La facture de violon, en milieu populaire, relève surtout du musicien lui-même.

violons popus

Photographie extraite de Yves Defrance, Musiques traditionnelles de Bretagne, 1. Sonnoux et sonorien, Morlaix, Skol Vreizh, n°35, 1996.

« F. Roussel [en Limousin] avait découpé une planche en forme de violon dans du cerisier, puis décablé un frein de vélo pour faire les cordes. L’archet était une branche d’osier sur laquelle étaient fixés quelques poils de la queue d’un âne »… Quant à L. Jarraud, aidé de son frère, c’est d’après une carte postale représentant une vieille femme tenant un violon posé droit sur ses genoux qu’il avait réalisé son premier instrument, en cerisier, alors qu’il avait une dizaine d’années. Plus tard, il échangea ce violon contre deux roues de bicyclette. » Cité dans Luc Charles-Dominique, Musique populaire en Pays d’Oc, Toulouse, Loubatières, 1987.

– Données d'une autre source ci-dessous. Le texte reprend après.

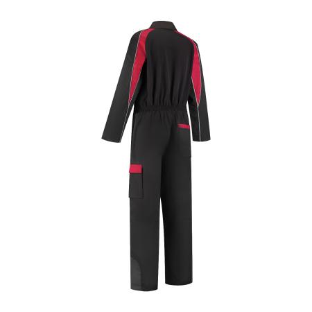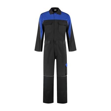 Overall polyester/katoen, 65% gerecycled polyester/35% katoen, 260 grams/m2, met 4-way stretch rugpand, cordura kniezakken, zwarte reflectie onderkant been, contrast doek, verdekte drukknoopsluiting met rits, dijbeenzak, reflectie piping, elastiek in de taille, 2 borstzakken met klep, 2 zijzakken, 2 intasten, achterzak en duimstokzak.

Cette auto-facture instrumentale du violon a trouvé une illustration toute particulière durant la guerre de 1914-1918, où les soldats se sont fabriqués parfois des violons – ou des mandolines – dont la caisse de résonance était faite de gourdes, casques, douilles d’obus. Le type du violon-gourde ou violon-bidon est de toute façon assez répandu.

 

Violon bidon 1

Enfin, il existe un type particulier de violon dont la caisse de résonance est faite dans un sabot. Le Musée de Nantes possède un instrument de ce type. En Pays d’Oc, l’instrument est attesté dans le Médoc (Gascogne girondine), de manière occasionnelle cependant : « Il y avait ici un ménétrier qui s’était fait un violon avec un sabot sur lequel il avait monté des cordes. Puis il s’était acheté un violon… » En Languedoc, il est fait référence, par contre, à une véritable tradition du violon-sabot, en tout cas aux dires de Charles Alexandre. « Le Minervois avait la particularité d’un singulier instrument : un violon fait avec un sabot ! Ce n’était à coup sûr pas un instrument de riche ! Probablement fignolé durant de longues veillées de l’hiver des montagnes minervoises, ce curieux “violon” servait à faire danser ou accompagner les chants. Il s’en construisait à trois, deux, et même une seule corde ! Les derniers souvenirs concernant les musiciens employant cet instrument font état de musiciens ambulants, portant la blouse et les sabots, qui passaient dans les villages en chantant d’affligeantes complaintes en échange d’un morceau de pain. Certains ménétriers de village arrivaient cependant à faire rendre à cet instrument singulier une sonorité et une justesse réelles. Leur jeu, très orné, rempli de trilles et autres fantaisies, s’agrémentait presque toujours d’une corde à vide faisant bourdon, signe caractéristique d’une ancienne tradition musicale… ».

Cité dans Luc Charles-Dominique, Musique populaire en Pays d’Oc, Toulouse, Loubatières, 1987.

 

Violon sabot (Delfour)

Violon-sabot, reconstitution Daniel Delfour, luthier à Toulouse, début des années 1980.